Mail — yes, real physical mail — is something nearly everyone gets, but not all mail is created equal. We’ve all received mail that looks like it was designed in Microsoft Paint sometime during the 90’s. If you’re sending mail today, you can’t afford to be that kind of company. Consumer expectations around design are far greater today, and how you market is a reflection of that. While some mail may be personal in nature, many companies use mail as a marketing channel to either acquire new customers or reengage customers they already have in hopes of driving more revenue. When executed properly, mail can result in ROI that far exceeds email. This is especially true for companies that have customers with high lifetime value (LTV).

Postcard marketing refers to direct mail that uses postcards as the mailer format. Postcards have a front and back design, and unlike stuffed mail you have to open, the mailer’s message is immediately present. In this guide we’ll cover strategy and design principles behind simple, yet effective, postcard marketing designs that convert.

Postcard usecases

There’s really an endless number of ways you can use postcards, but here are some of our favorites:

  • Promoting a sale to existing customers.
  • Acquiring customers in new markets when launching a local product/service.
  • Sending thank you notes or holiday cards to customers.
  • Advocating a cause.
  • Realtors promoting properties sold nearby.
  • Inviting prior attendees to a new upcoming event.

Design strategy

Creating an effective mailer that drives results is more than just creating something that looks nice. It needs to be relevant to the recipient, have easy to understand copy, and show a clear call to action. These are some general strategy questions you should start with each time:


What size should we use?
The postcard size will matter when it comes to making your mailer stand out from other mail in a mailbox. Odd sizes and typically ones that are bigger will stand out more than others. This can be helpful for recipients who might not know about your brand. However, the larger the postcard, the more expensive it is. For the right campaign, this can make the difference as you have more space to work with.

Should we personalize the content?
If you have relevant data to personalize a mailer, you should. For new potential customers, the ability to personalize depends on whether it’s a targeted campaign (specific recipients are known) or an area mail (covers a whole region with no specific recipients) campaign.
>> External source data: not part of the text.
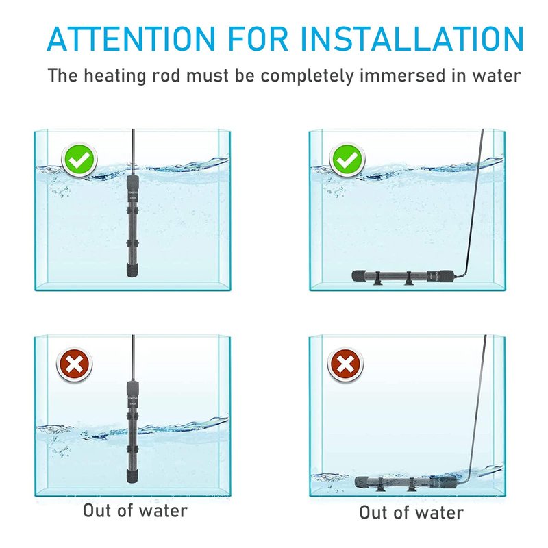 - 【Overheating Protection, Out of Water Protection】The power will be cut off and stop heating automatically if the heater out of water or overheating. Protect your fish. Never cook your fish. 30days full refund, 12-months warranty.
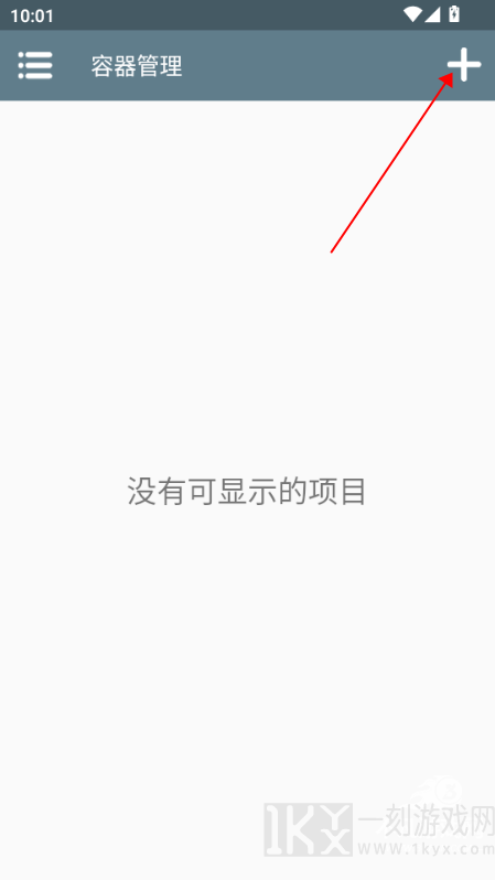 2、运行游戏后,点击右上方“+”标志创建容器。不用配备,点击右下方“√”就可以完成建立;
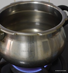 - Cover the pressure cooker and cook it till you get one whistle in low flame. After a whistle,simmer more and keep for another 5 minutes.
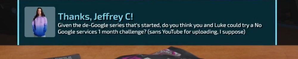 Given the de-Google series that's started, do you think you and Luke could try a No Google services 1 month challenge? (sans YouTube for uploading, I suppose)
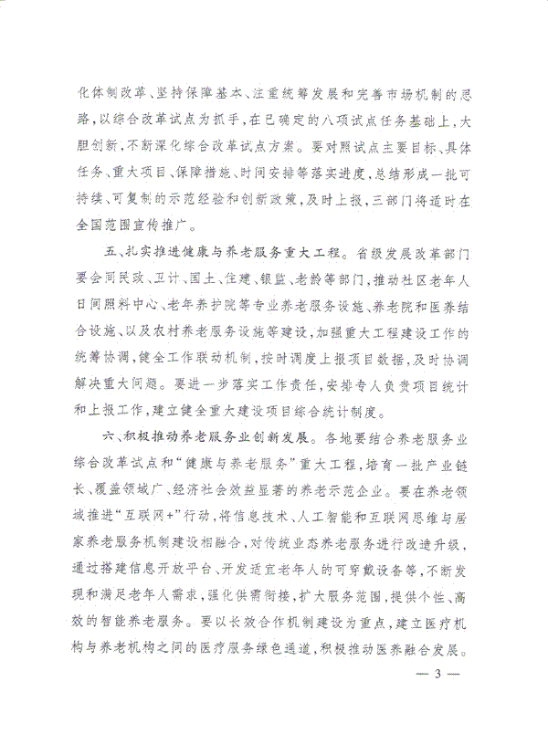 《通知》强调要统筹推进养老服务业综合改革试点、扎实推进健康与养老服务重大工程建设、积极推动养老服务业创新发展。
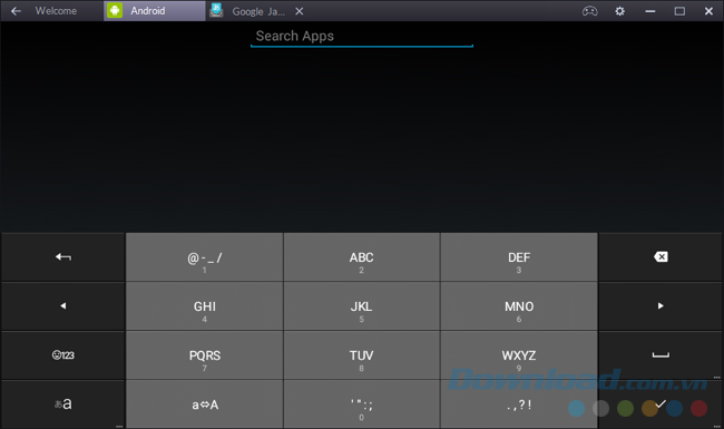 Thoát ra và thử vào lại phần tìm kiếm (Search), các bạn sẽ thấy bàn phím BlueStacks thay đổi như dưới đây.
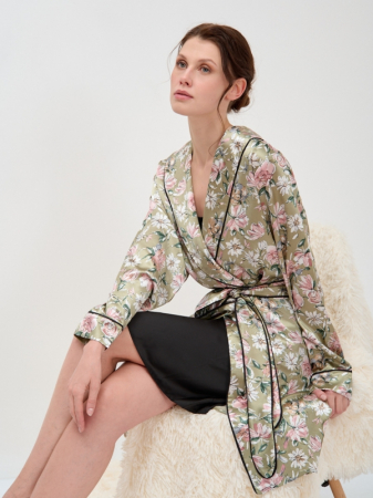 Женский халат на запах и сорочка из ткани Армани-шелк позволят выглядеть привлекательно и эффектно даже дома. Шалевый воротник, втачной длинный рукав и съёмный пояс из основной ткани, украшены декоративным контрастным кантом. Ткань отличается мягкой текстурой и необычайной легкостью, граничащей с невесомостью. Она нежно струится по телу, не стесняя движений, дарит ощущение комфорта и способствует расслаблению после насыщенного трудового дня. Рост модели 175 см. Изделие на модели 42 размера. Длина изделия по спинке 95 см. Машинная стирка при 30 градусах.
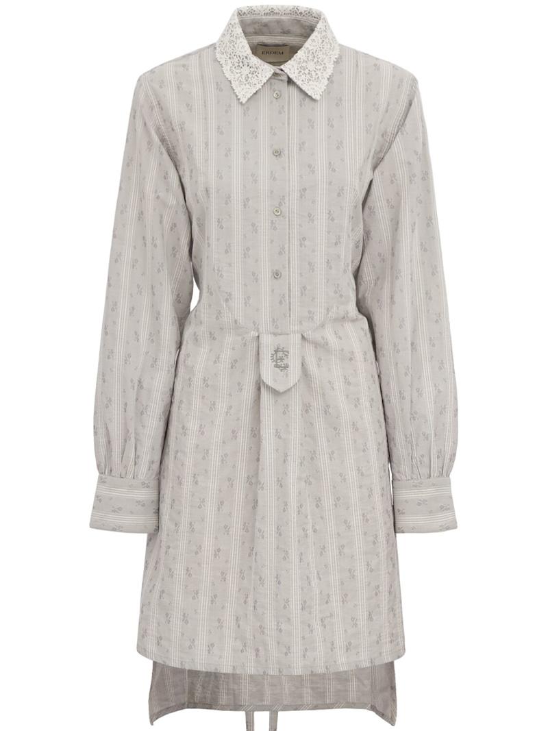 Ditsy striped cotton long sleeve dress - 灰色/多色 - 女士 - Erdem - Front button closure.
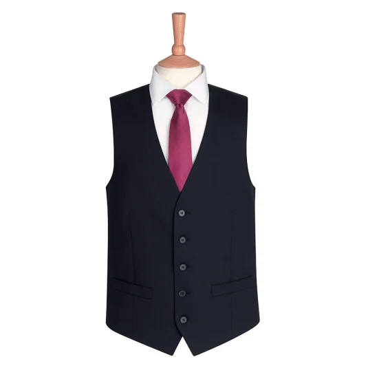 Weste mit 5 Knöpfen in der vorderen Mitte, zwei Leistentaschen, Satinrücken verstellbar, maschinell waschbar und knitterarm.
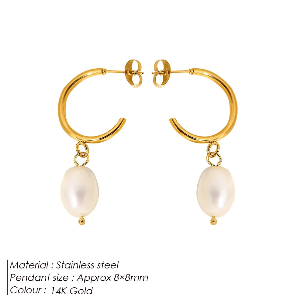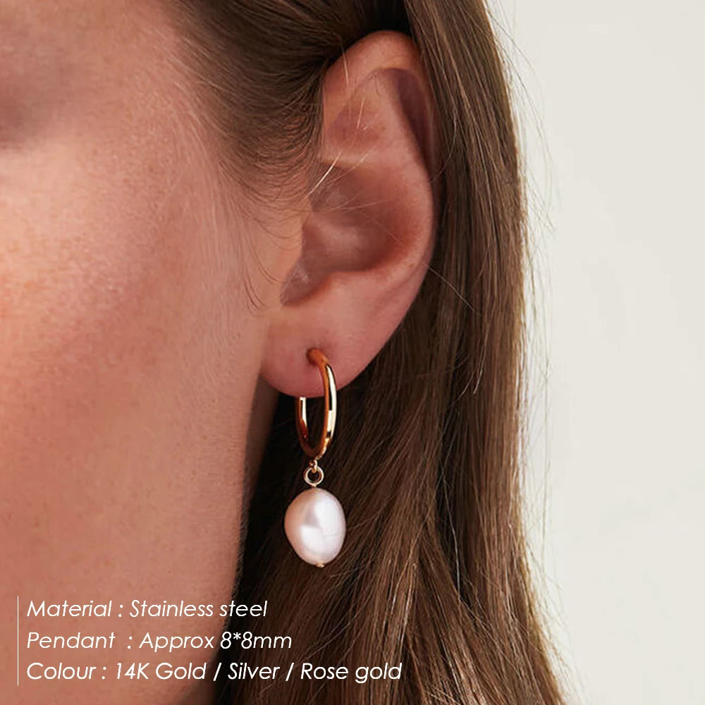 Modessie Fashion Natural Freshwater Pearl Pendant Earrings Large Hoop Stainless Steel Gold Color Earrings
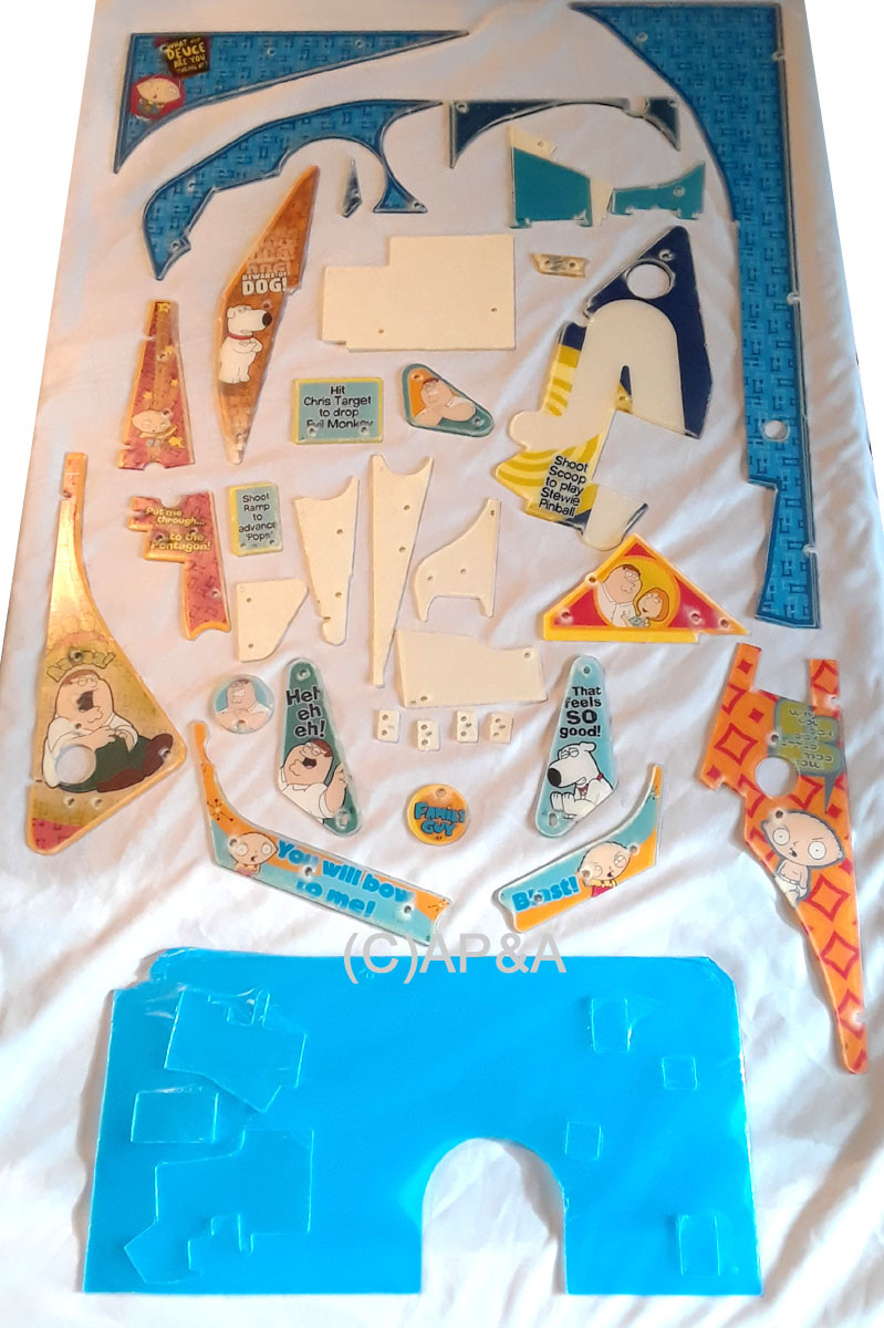 35-piece set of factory-original NOS (new old stock) playfield artwork and clear flat plastics for Stern Family Guy pinball. All pieces include removable protective film to help prevent scuffs/scratches.
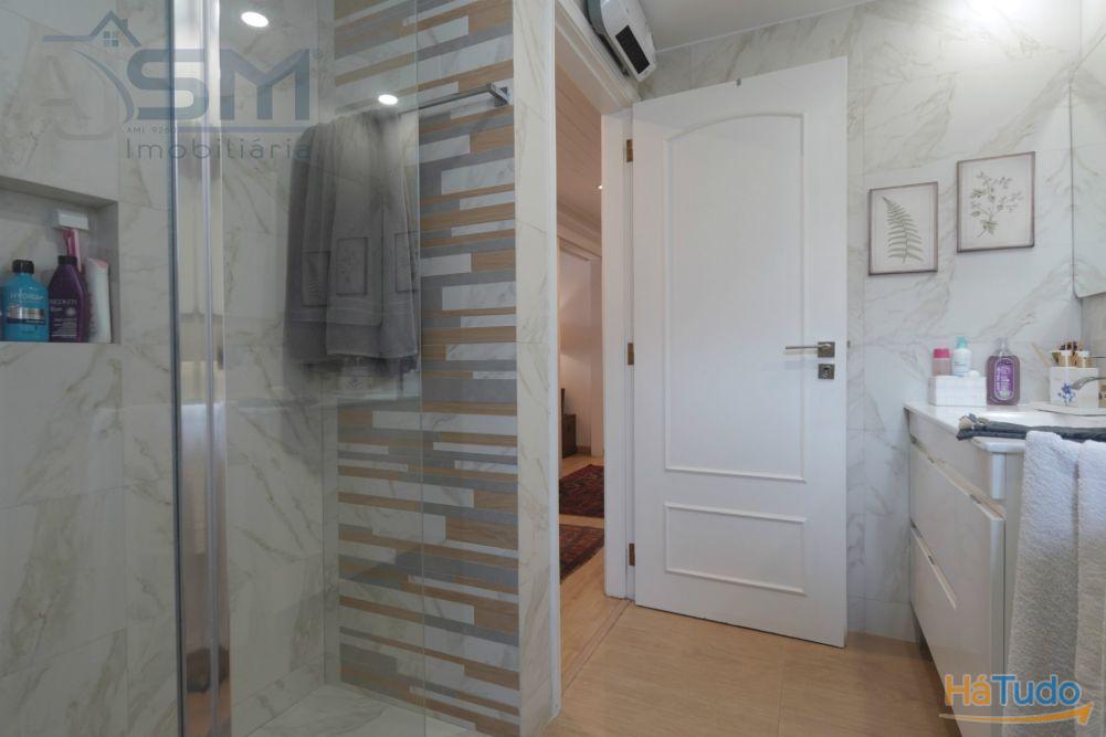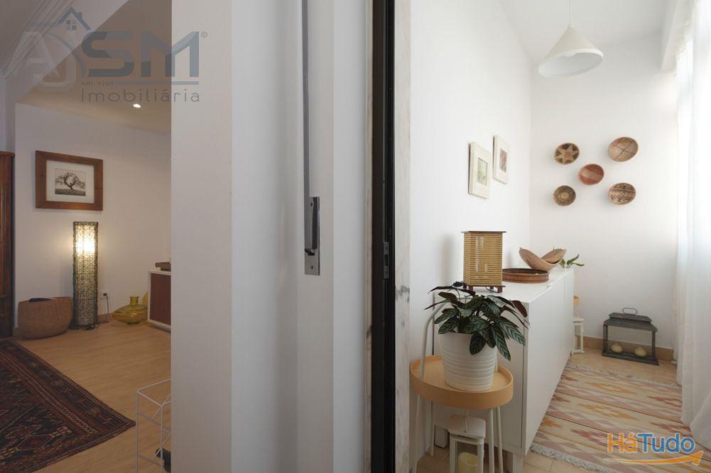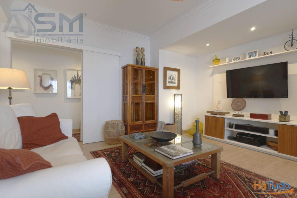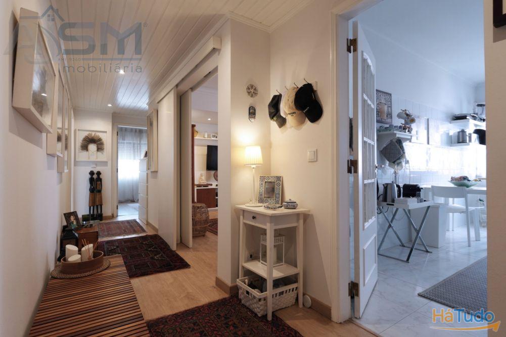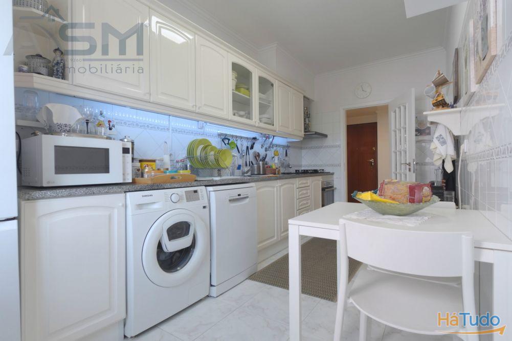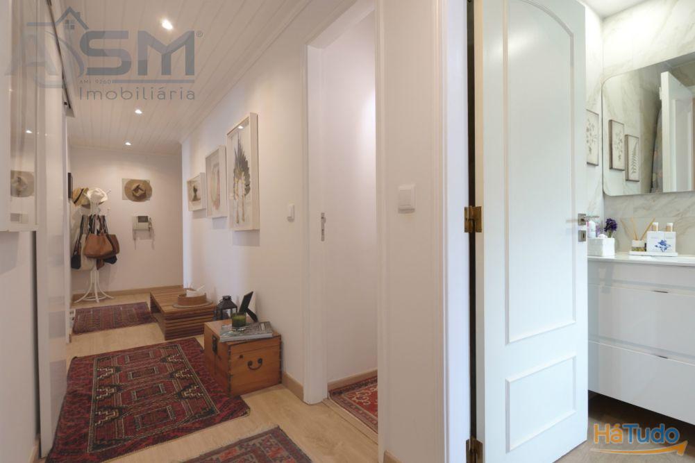 Apartamento com áreas generosas e acabamentos modernos e funcionais, sendo composto por hall de entrada com teto falso em madeira, sala de estar com lareira e uma boa varanda fechada, corredor amplo com uma despensa com prateleiras, cozinha equipada com eletrodomésticos básicos, um quarto amplo com roupeiro embutido e uma casa de banho privativa com cabine de duche e janela.
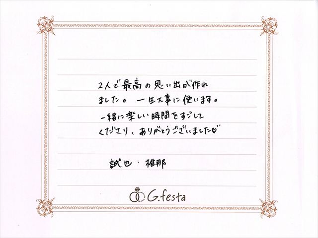 愛知県安城市 Sさん・Sさん (名古屋店/結婚指輪・彫金) ▲ 感想を読む DATA コース 結婚指輪(彫金) デザイン ストレート 店舗 名古屋店 制作時間 1時間半 素材 Pt900/Pt900 リング幅 2.5mm/3.0mm
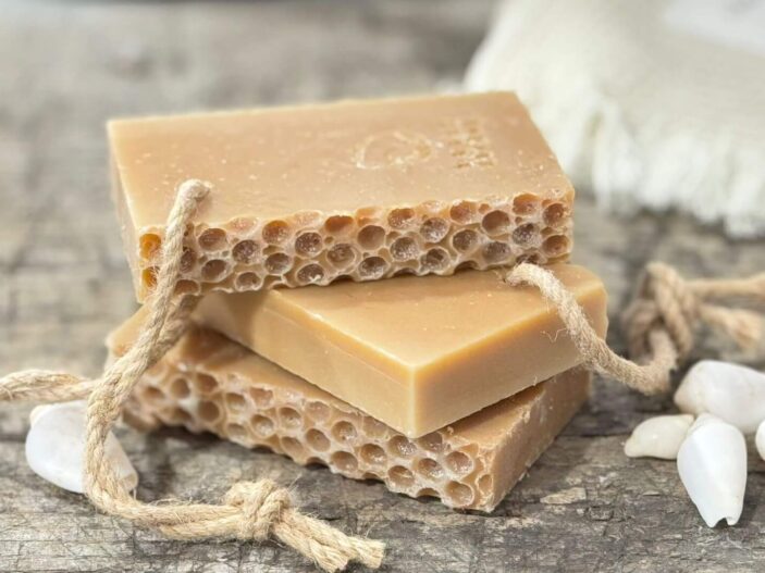 סבון דבש basic עם חבל: מראה טבעי, אחיזה נוחה וייבוש יעיל בזכות החבל. אידיאלי לשימוש במקלחת ולטיפוח העור.
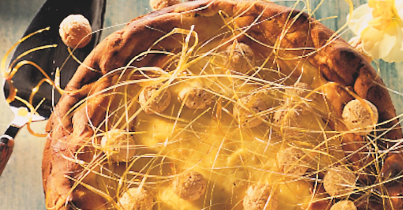 Tvaroh zbavíme přebytečné tekutiny okapáním v plátýnku. Vejce vyšleháme s cukrem do pěny. Smícháme s tvarohem, mascarpone, mandlemi, citrónovou šťávou a kůrou a mandlovým likérem. Důkladně rozmícháme a plníme do vychlazené formy se sušenkovým základem.
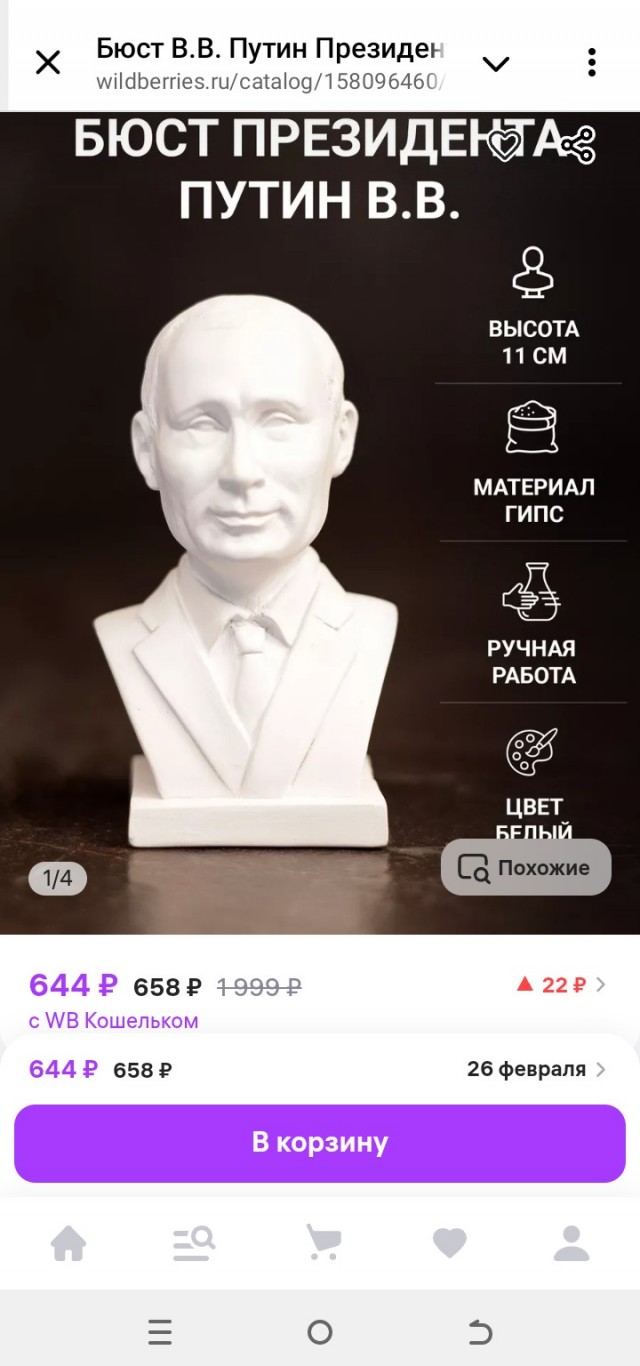 Можно было бы подарить бюст путина из полония, в натуральную величину, на рабочий стол.
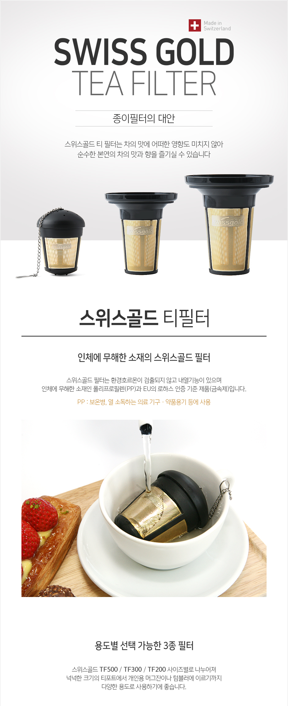 ② 거름망은 순금도금 처리를 하여 표면이 부식되지 않아 위생적이고 반영구적으로 사용 가능한 친환경 제품입니다.

For existing customers, consider data from your CRM.

Do we have a relationship with the recipient?
If a recipient knows your brand, you have more flexibility in the messaging. With existing customers, you can do this, but for new potential customers, you should assume they’ve never heard of you. This is why it’s important to say what you do in simple, short, jargon-free phrasing.

What are we offering to drive immediate action?
There needs to be something compelling for the recipient to take immediate action. This could be anything from money off the purchase price of your product to a trial offer for your service. Ideally, the offer is time-boxed so there's urgency to act sooner rather than later.

What’s my call to action and how will I track the results?
A clear call to action is essential for two reasons: 1) it tells the customer what to do 2) it lets you track the results of a campaign. There should only be a single call to action. Some examples include “Get $10 off when you use this code” or “Go to this page to signup.”

Designing for conversion

The postcards that convert the most don't just look great, but also feature a variety of elements to effectively communicate their message and drive action to some measurable goal.

Keep it simple

Less is more when it comes to postcard design. Rather than cram in loads of images and text, keep things simple. This may seem counterintuitive, but the more you include, the more a recipient has to process. The goal is to drive action. Get your recipient’s attention, deliver the most important information, and then make it easy for them to complete your desired action.

Craft a great headline

The headline is the hook. It’s what makes the recipient stop to think or do a double take. Great headlines should be clear, concise, and compelling. It should be the largest text on the postcard’s front side.

Use high-quality imagery

Great imagery supports your message, helps your postcard stand out, and can even elicit a positive emotional response. The images you choose merit careful consideration. Avoid overly stock-looking photos and ensure the photos are high enough resolution for print (300 dpi). The quality you see on your screen may not be reflective of the actual print quality.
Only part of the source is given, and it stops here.